BP said by Dec. 31 it would phase out MTBE, or methyl tertiary butyl ether, which was banned from the state by Gov. Gray Davis in 1999 for contaminating groundwater, and replace it with ethanol, Reuters reported.
BP has already contracted with several suppliers of ethanol. Federal clean-air laws require the use of an oxygen-enhancing chemical such as MTBE, a suspected animal carcinogen, or ethanol, to make the fuel required in a third of the nation's pumps.
"We considered all of the factors within our control and determined that we could transition from MTBE to ethanol early," said Bob Malone, BP's regional president.
In March, Davis postponed his original mandated deadline for MTBE's phaseout by one year to Dec. 31, 2003, citing fears of supply shortages and sharp price spikes reminiscent of last year's electricity crisis.
Currently, California does not have the adequate facilities to unload ethanol and blend it into the volumes that will be required to meet the state's appetite for gasoline for the entire industry to switch over by year's end. It is also doubtful that domestic ethanol production will ramp up in time to meet California's needs and that the product, which is mostly made from corn in the Midwest, can be transported to the West Coast in the necessary volumes, the report said.

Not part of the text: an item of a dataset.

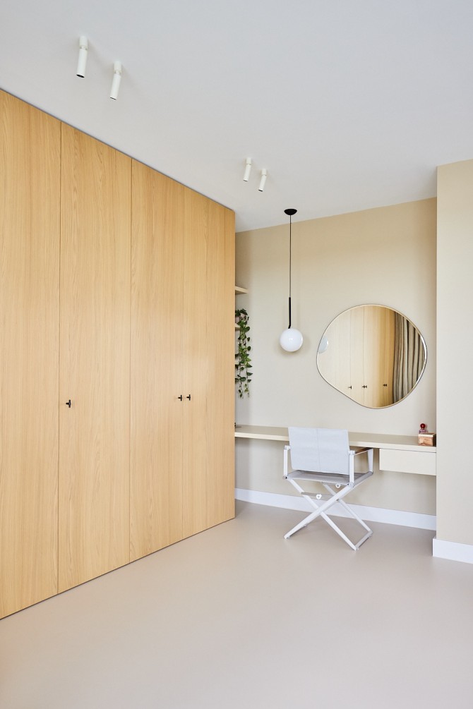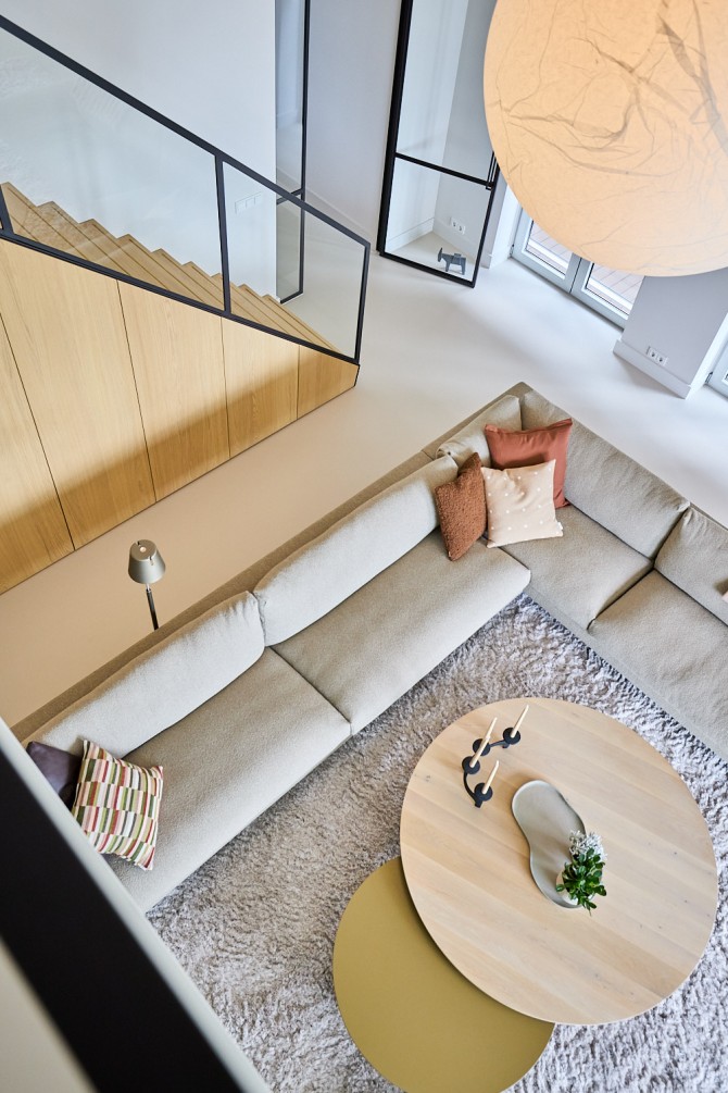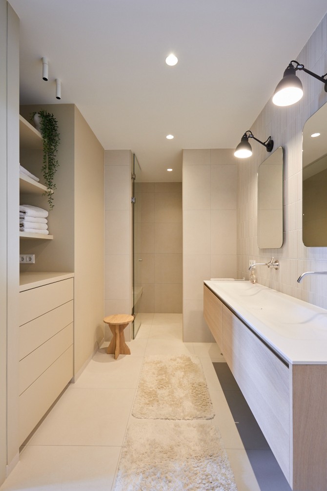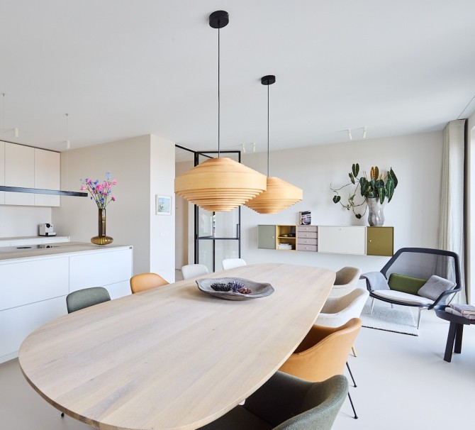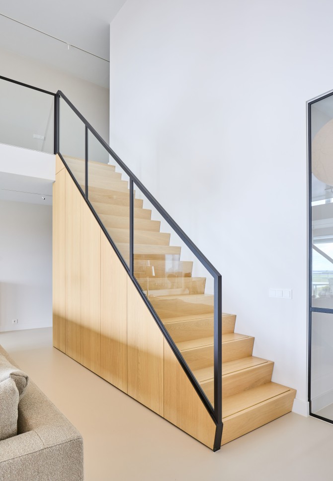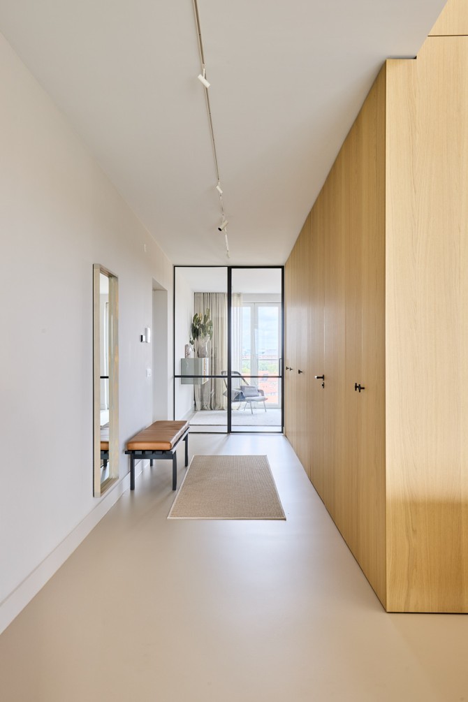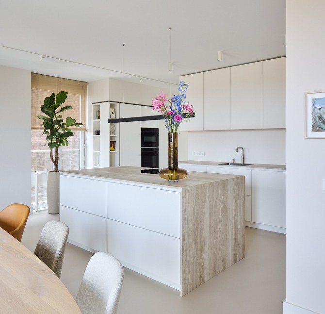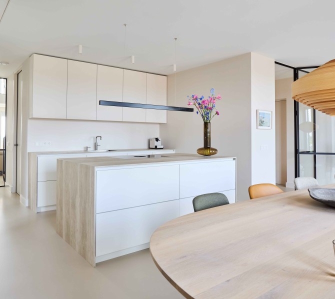 De bewoners houden van lichte en natuurlijke materialen. We hebben gekozen voor een aantal materialen, die in het hele appartement terugkomen: een lichte gietvloer, hout, staal en glas vormen de basis voor dit tijdloze interieur. In dit project hebben we nauw samengewerkt met Carlos in Huis. Het maatwerk en het meubilair vormen een mooie eenheid.

Despite Davis's extension, the five oil majors who control 75 percent of the California market have said they may stick to their original plans, which would be welcomed by the ethanol industry.
Phillips Petroleum has already started blending some of its gasoline with ethanol, and experts say that BP's clout and market share may be enough to force the others - Chevron Texaco Corp, Exxon Mobil Corp., Shell Oil Products and independent refinery Valero -- to catch up.